• [DIRECTIONS FOR THIS TASK] Your answer must be an exact retyping of the line containing "BORGETTI - BORGETTI" and every line after it through the end of the records below, with no pictures and nothing else.

[Data excerpts]

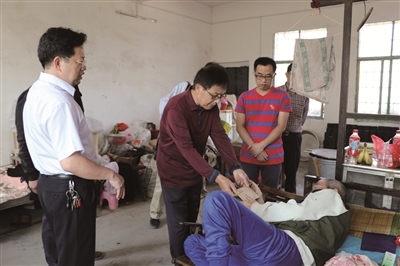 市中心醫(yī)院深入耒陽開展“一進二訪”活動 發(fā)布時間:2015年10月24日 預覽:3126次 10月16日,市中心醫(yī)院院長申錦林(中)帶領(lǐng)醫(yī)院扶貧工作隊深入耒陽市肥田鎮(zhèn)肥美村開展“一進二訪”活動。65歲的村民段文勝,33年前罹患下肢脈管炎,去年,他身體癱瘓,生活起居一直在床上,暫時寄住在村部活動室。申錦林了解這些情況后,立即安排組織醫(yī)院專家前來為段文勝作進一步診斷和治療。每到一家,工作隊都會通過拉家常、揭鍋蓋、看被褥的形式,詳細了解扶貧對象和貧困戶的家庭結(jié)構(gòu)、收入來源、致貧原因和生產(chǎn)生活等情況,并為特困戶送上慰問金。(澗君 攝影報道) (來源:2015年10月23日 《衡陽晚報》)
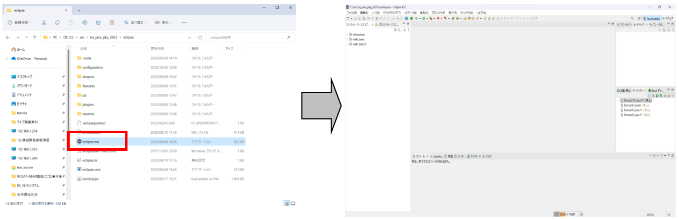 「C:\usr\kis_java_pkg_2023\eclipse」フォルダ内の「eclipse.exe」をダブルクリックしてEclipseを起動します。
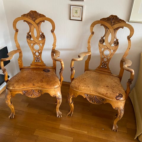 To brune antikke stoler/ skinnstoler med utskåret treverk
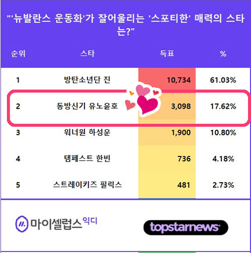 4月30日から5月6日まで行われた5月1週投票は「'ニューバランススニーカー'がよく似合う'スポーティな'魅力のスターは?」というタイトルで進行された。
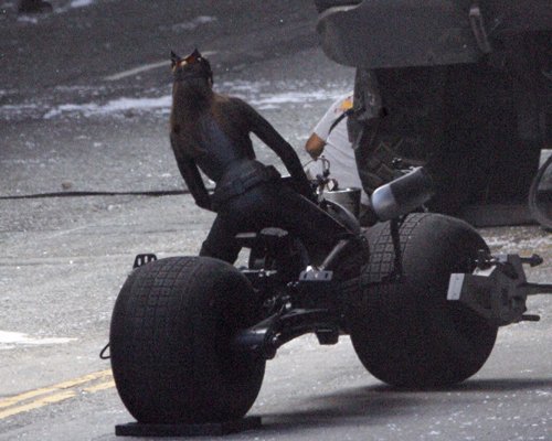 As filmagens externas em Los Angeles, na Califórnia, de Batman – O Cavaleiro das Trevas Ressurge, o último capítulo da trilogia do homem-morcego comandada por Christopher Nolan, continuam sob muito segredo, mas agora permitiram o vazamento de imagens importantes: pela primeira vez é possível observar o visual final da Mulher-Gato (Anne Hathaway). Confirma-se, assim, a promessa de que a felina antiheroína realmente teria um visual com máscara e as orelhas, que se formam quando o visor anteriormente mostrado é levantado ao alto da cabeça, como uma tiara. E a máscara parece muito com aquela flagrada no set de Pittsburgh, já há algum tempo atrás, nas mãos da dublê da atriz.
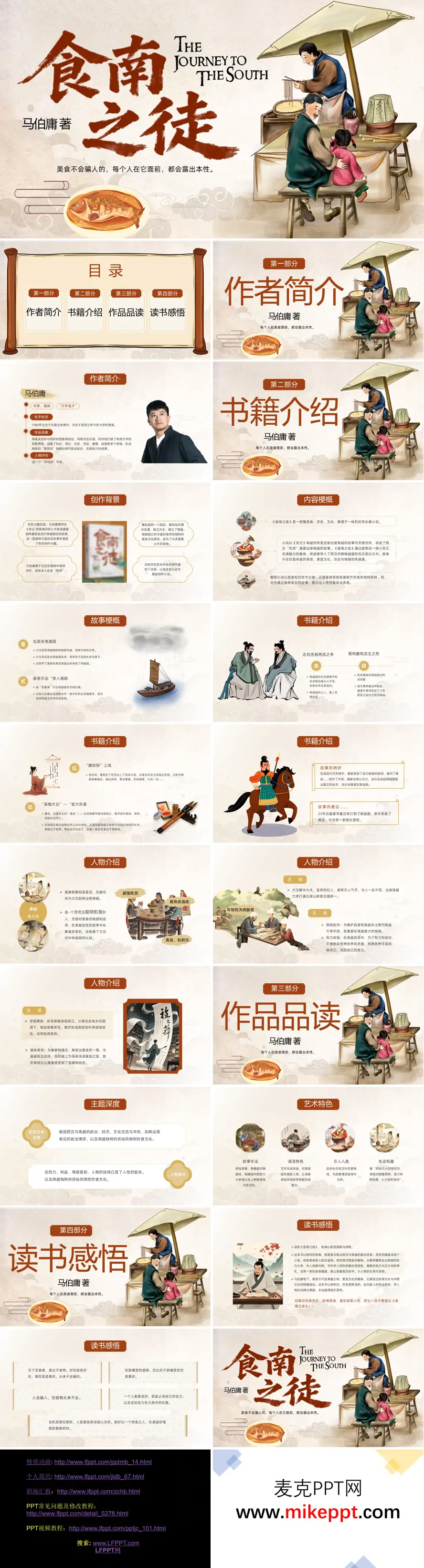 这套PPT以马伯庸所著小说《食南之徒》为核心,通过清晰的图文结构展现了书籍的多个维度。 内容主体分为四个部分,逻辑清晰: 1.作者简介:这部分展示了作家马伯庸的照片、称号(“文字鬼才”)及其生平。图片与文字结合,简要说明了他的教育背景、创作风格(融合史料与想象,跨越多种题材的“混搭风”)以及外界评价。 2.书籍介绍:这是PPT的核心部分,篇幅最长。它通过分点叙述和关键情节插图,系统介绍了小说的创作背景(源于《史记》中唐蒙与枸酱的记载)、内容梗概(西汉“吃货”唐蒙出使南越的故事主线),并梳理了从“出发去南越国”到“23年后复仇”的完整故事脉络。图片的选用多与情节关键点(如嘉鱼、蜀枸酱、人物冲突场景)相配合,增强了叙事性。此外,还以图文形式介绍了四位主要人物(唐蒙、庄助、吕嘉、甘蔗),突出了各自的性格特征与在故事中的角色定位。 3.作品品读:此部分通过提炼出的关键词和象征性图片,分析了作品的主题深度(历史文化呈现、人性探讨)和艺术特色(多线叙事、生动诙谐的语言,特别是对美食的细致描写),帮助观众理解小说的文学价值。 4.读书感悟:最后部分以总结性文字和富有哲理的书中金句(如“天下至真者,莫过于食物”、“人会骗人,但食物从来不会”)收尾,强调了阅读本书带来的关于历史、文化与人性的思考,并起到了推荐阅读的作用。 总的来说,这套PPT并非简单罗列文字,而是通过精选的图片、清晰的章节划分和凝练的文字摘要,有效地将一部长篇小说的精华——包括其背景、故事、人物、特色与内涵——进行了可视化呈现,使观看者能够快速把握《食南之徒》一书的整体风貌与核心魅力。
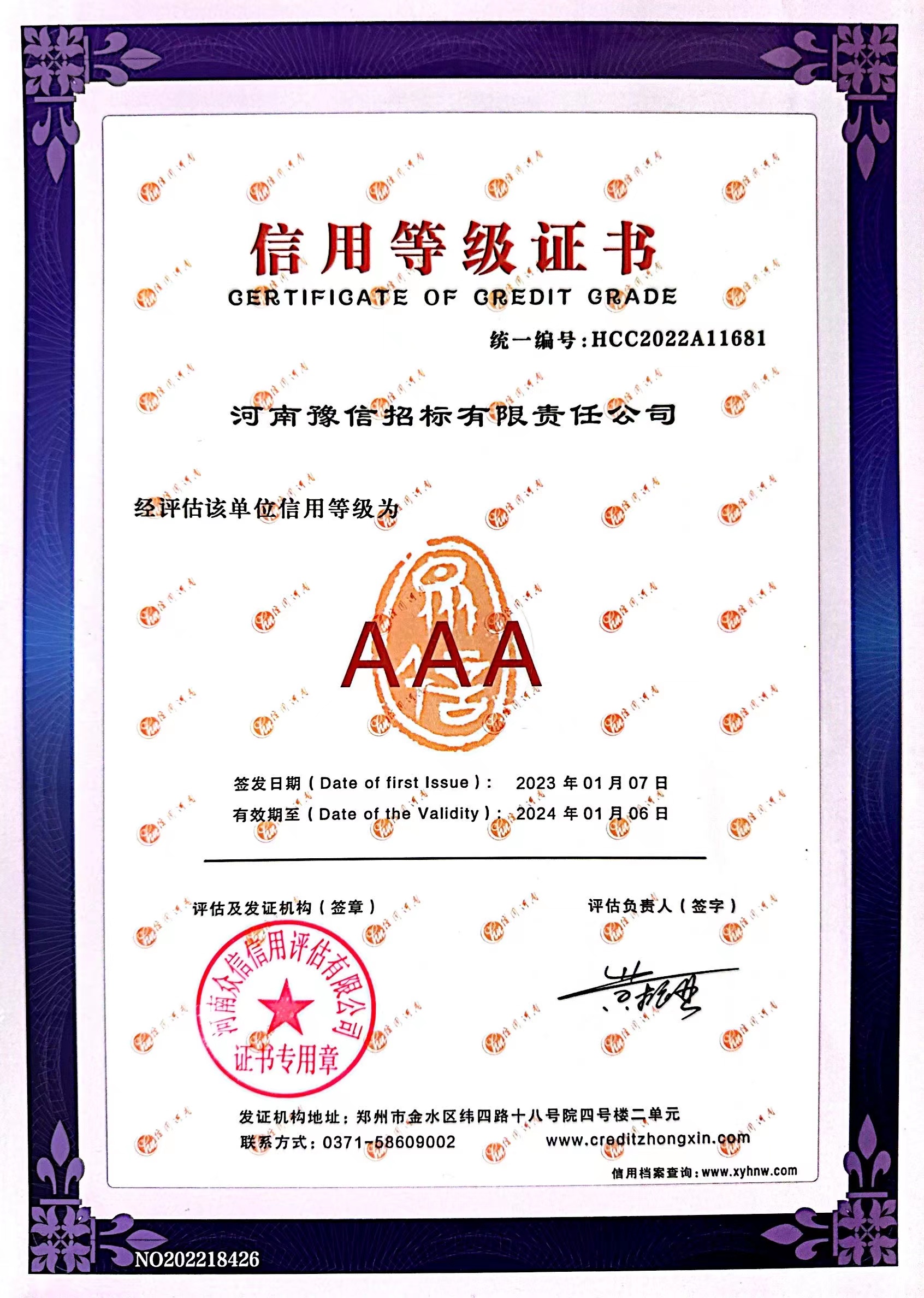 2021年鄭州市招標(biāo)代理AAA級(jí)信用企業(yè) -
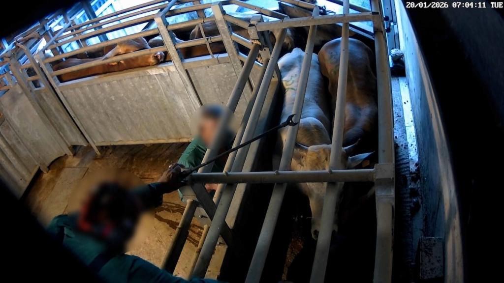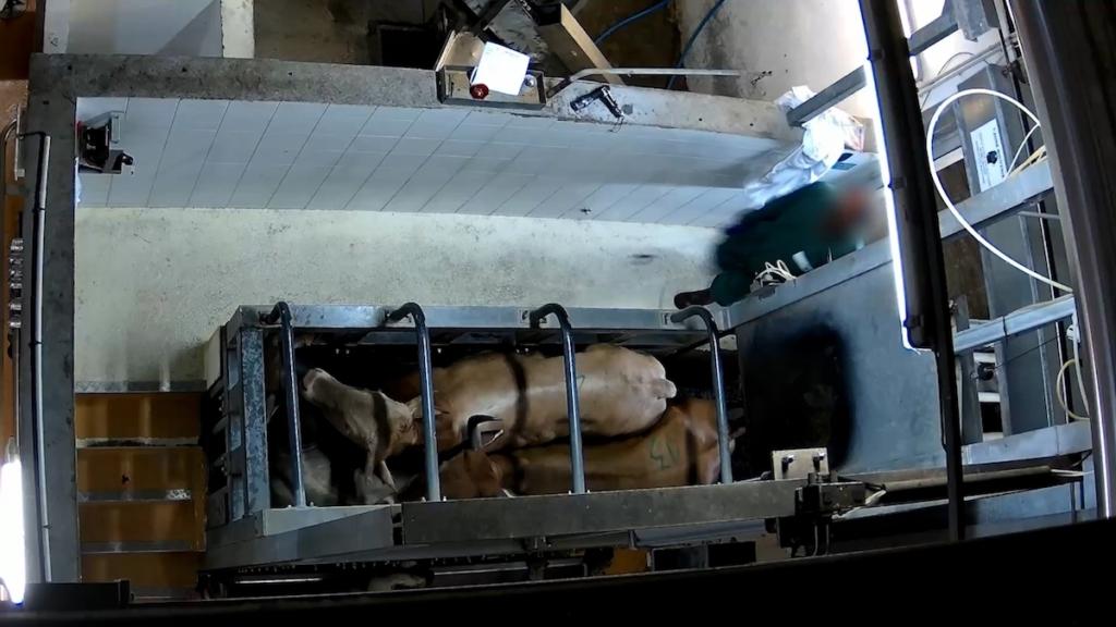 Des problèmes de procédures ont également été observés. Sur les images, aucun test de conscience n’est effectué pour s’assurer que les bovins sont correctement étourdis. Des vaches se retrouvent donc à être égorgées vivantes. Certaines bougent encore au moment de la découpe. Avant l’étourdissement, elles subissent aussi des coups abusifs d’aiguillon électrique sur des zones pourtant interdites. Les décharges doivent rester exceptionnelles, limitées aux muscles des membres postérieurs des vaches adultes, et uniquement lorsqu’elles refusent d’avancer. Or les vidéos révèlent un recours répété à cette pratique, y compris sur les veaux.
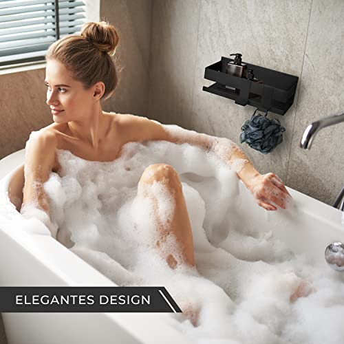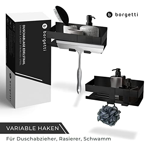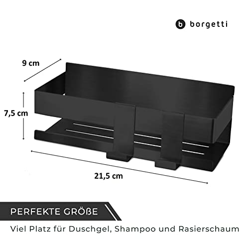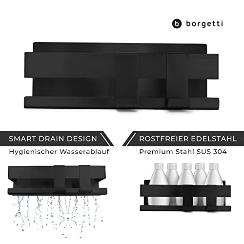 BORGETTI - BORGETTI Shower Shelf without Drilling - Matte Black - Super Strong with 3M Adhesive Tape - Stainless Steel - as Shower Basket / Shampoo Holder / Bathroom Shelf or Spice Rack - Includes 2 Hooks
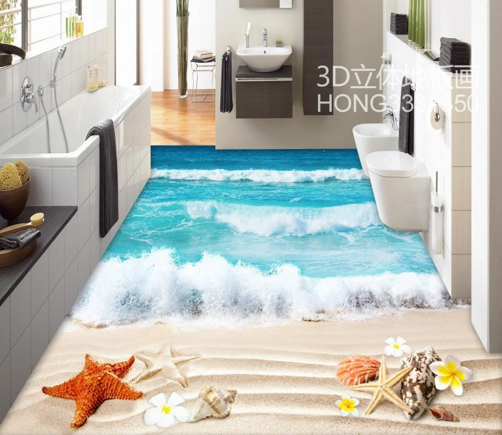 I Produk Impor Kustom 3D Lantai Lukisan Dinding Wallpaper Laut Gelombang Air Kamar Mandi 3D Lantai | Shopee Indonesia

• [ANSWER TO THE EXERCISE]
 BORGETTI - BORGETTI Shower Shelf without Drilling - Matte Black - Super Strong with 3M Adhesive Tape - Stainless Steel - as Shower Basket / Shampoo Holder / Bathroom Shelf or Spice Rack - Includes 2 Hooks
 I Produk Impor Kustom 3D Lantai Lukisan Dinding Wallpaper Laut Gelombang Air Kamar Mandi 3D Lantai | Shopee Indonesia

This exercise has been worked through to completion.